DATA -
▬▬▬▬▬▬
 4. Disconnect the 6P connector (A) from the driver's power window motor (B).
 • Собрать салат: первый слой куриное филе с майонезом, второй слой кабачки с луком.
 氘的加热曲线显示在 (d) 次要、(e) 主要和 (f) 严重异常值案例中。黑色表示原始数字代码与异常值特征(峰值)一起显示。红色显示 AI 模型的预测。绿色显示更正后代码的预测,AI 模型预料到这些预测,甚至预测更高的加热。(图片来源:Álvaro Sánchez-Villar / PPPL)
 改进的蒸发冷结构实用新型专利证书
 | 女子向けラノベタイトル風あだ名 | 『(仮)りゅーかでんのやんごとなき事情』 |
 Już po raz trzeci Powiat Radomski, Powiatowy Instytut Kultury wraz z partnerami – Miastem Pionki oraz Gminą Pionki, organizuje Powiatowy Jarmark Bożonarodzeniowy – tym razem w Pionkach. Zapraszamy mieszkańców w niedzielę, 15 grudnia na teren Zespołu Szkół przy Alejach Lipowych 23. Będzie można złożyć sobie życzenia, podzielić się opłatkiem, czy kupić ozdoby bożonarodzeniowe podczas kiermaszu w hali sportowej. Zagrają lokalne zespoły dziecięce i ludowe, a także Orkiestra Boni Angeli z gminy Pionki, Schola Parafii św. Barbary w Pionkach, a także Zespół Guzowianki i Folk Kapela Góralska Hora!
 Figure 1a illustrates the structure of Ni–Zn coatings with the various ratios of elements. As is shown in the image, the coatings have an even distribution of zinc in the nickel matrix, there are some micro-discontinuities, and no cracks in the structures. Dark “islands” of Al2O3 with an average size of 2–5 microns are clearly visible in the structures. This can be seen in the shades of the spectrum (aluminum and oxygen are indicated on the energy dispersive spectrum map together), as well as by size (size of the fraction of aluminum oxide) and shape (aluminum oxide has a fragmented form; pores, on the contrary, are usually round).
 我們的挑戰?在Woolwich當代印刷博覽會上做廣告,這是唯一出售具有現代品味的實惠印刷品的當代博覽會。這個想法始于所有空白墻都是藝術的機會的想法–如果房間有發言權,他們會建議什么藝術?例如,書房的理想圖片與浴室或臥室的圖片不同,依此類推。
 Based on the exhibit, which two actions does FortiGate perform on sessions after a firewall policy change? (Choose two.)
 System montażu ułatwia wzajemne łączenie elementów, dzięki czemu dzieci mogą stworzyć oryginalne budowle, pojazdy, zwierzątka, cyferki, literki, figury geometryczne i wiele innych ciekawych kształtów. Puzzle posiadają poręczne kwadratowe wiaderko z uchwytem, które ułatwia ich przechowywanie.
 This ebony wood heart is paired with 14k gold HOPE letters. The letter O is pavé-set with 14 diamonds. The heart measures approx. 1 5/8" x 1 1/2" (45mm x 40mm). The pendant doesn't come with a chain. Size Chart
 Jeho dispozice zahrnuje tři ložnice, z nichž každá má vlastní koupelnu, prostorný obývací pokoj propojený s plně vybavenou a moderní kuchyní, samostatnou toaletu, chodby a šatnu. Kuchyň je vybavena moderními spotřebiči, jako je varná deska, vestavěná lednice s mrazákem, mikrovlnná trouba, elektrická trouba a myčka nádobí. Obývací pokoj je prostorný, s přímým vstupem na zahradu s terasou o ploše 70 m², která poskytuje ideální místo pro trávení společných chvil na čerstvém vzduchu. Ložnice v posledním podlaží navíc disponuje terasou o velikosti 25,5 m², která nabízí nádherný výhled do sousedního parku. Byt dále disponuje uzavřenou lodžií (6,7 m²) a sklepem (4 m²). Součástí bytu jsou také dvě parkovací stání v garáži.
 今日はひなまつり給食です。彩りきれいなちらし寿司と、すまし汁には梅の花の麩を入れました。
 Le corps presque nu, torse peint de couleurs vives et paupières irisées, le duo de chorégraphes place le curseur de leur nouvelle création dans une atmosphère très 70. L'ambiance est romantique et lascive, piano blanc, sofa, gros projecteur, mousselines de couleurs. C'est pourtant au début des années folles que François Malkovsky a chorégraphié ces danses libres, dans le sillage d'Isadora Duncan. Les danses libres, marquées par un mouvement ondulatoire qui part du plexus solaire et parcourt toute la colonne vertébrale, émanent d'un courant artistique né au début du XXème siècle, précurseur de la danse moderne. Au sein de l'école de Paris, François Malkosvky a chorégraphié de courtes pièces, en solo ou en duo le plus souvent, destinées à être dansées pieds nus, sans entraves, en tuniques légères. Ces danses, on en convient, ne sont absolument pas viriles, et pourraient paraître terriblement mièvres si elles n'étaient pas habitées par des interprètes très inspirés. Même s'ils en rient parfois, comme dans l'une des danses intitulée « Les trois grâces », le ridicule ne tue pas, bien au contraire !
▬▬▬▬▬▬
In the entries above, one line contains "我們的挑戰?在Woolwic" and another contains "Based on the". Reproduce exactly those two lines and the lines between them, nothing else.

 我們的挑戰?在Woolwich當代印刷博覽會上做廣告,這是唯一出售具有現代品味的實惠印刷品的當代博覽會。這個想法始于所有空白墻都是藝術的機會的想法–如果房間有發言權,他們會建議什么藝術?例如,書房的理想圖片與浴室或臥室的圖片不同,依此類推。
 Based on the exhibit, which two actions does FortiGate perform on sessions after a firewall policy change? (Choose two.)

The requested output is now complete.